Als er dort ankam, konnte er nicht anders und schrie. Er schrie seine ganze Wut, seinen Ärger und seine Verzweiflung aus sich heraus. So lange, bis seine Stimme versagte. Langsam ging er in die Hocke und vergrub sein Gesicht in seinen Händen. Und dann konnte er sich nicht mehr halten. Seine Verzweiflung kam wie Fontänen aus seinen Augen. Ihm liefen die Tränen hinunter und er ließ sie laufen. Erst so langsam konnte er wieder einen klaren Gedanken fassen. Er wollte es nicht wahrhaben, was Malena ihm da gezeigt hatte. Zu lesen, wie Finja fertig gemacht wurde und zu hören, dass sie gestalkt wurde und Morddrohungen erhalten hatte, waren zu viel für ihn. Und es war seine Schuld, er hatte sie in diese Lage gebracht. Mal wieder hatte er einen Menschen zutiefst verletzt, fast verstört, weil er ihn in seine Nähe gelassen hatte. Warum? Er konnte es nicht verstehen. Was muss sie durchgemacht haben? Und er? Er war zu der Zeit im Urlaub gewesen, während sie durch die Hölle gehen musste. Warum war er so egoistisch und hatte mal wieder nur daran gedacht, was er gerade brauchte?
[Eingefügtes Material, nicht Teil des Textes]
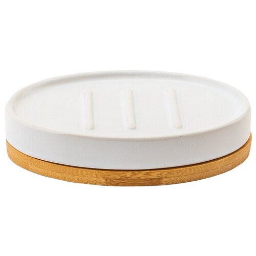 Мыльница Аквадекор Exo, керамика/бамбук, белая

"Willst du wieder mit hochkommen? Oder brauchst du noch Zeit?" Hörte er Amelies besorgte Stimme neben ihm. "Ich habe sie im Stich gelassen. Das ist alles meine Schuld." krächzte er und klammerte sich dann an Amelie. "Hey, sowas darfst du nicht denken. Das stimmt nicht. Du konntest nichts machen." "Aber wenn ich mein Handy nicht ausgemacht hätte, hätte ich viel eher davon erfahren." hämmerte er weiter. "Und dann? Hätte Finja bestimmt trotzdem solche Nachrichten bekommen. Es ist furchtbar, aber da draußen gibt es einfach so kranke Menschen. Und wir können das Geschehene nicht mehr rückgängig machen. Wichtig ist jetzt, dass wir nach vorne schauen, dass alles geregelt kriegen und Finja helfen. So wie es von Malena eben klang, ist sie in ein tiefes Loch gefallen." Die Worte  von Amelie taten ihm gut. Aber gleichzeitig tat es ihm auch unglaublich weh zu wissen, wie schlecht es Finja ging. Aber der Gedanke, dass er ihr jetzt irgendwie helfen musste, gab ihm wieder Kraft, mit Amelie zu Malena zurückzukehren. Nach einiger Zeit hatte er sich auch soweit wieder beruhigt, dass er zumindest mit den Mädels überlegen konnte, wie es weitergehen soll.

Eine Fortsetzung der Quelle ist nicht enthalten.